The brick store circa 1913

At a time when a small, seemingly inconsequential sawmill community served as the intersection of two new major railroads carved out of a big thicket of virgin timber — home to deer, wolves and bears — an enterprising young man of Swiss descent was drawn to the area with a vision of what this young town of Conroe might someday become. Within a very short time, he would become one of its leading and most prosperous citizens.

John Wahrenberger was born in 1862 in Travis County. He was orphaned by age 7. He moved to Montgomery County in 1886 and worked as a store clerk in the town of Montgomery for a few years. In 1889 he moved to Conroe and was one of the supporters of the successful efforts to move the county seat from Montgomery to Conroe in May 1889.

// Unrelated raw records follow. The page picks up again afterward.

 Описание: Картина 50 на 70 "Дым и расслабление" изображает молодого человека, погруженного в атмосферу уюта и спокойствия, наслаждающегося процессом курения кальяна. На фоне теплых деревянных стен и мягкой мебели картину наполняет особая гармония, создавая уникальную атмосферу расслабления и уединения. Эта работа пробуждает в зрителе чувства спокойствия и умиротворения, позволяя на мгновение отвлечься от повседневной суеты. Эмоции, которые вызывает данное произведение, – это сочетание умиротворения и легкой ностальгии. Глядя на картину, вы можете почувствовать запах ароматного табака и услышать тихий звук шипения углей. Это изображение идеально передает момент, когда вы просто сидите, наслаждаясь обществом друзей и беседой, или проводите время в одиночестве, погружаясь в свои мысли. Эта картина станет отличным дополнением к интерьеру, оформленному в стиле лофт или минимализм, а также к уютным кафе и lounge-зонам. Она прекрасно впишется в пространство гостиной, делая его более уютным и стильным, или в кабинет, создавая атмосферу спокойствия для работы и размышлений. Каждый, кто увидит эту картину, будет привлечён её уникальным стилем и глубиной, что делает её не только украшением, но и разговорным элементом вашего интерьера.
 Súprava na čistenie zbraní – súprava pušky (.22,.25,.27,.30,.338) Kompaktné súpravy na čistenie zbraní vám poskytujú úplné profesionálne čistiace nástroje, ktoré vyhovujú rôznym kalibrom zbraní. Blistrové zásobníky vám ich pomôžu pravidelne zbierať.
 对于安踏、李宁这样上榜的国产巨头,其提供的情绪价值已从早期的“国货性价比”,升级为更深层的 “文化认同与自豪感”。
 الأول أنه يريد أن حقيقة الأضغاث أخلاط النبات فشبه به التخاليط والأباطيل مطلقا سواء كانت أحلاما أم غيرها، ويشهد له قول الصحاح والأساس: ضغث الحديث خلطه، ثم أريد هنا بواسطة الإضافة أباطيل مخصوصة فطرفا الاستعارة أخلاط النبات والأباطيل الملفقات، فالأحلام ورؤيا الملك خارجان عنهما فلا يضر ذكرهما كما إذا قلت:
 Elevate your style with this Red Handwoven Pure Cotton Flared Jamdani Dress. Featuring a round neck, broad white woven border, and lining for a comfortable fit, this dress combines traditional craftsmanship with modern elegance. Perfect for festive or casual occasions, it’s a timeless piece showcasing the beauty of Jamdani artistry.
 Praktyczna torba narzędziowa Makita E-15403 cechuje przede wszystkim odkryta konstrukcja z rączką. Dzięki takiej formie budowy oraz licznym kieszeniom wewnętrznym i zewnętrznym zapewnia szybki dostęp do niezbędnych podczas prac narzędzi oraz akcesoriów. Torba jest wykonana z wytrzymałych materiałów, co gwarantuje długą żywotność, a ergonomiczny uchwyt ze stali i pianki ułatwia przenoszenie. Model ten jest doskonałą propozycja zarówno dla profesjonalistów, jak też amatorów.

Until his death at age 72 in 1933, Wahrenberger served in many civic capacities for Montgomery County and for Conroe, including district clerk and deputy sheriff. He earned a law license, although there is no evidence he practiced. He served on the Conroe ISD school board and on the first Conroe city council in 1905. He was instrumental in starting the First Methodist Church of Conroe.

He has also made quite a mark on the business scene. Wahrenberger was first employed by the mercantile firm of Carson, McKibben & Co. in what was then Conroe’s first business district. He married his boss’s daughter, Mittie Carson, in June 1889, and they had two children, Agnes and John. Both children became active and distinguished citizens of the city during their lifetimes.

By 1890, Wahrenberger had started his own mercantile business and in 1894 acquired ownership of Carson, McKibben & Co. He constructed a handsome two-story wooden general mercantile store at what was then the corner of Chambers (Main) and Paddock (Davis) Streets. For decades, it was recognized as one of the finest mercantile establishments in Southeast Texas.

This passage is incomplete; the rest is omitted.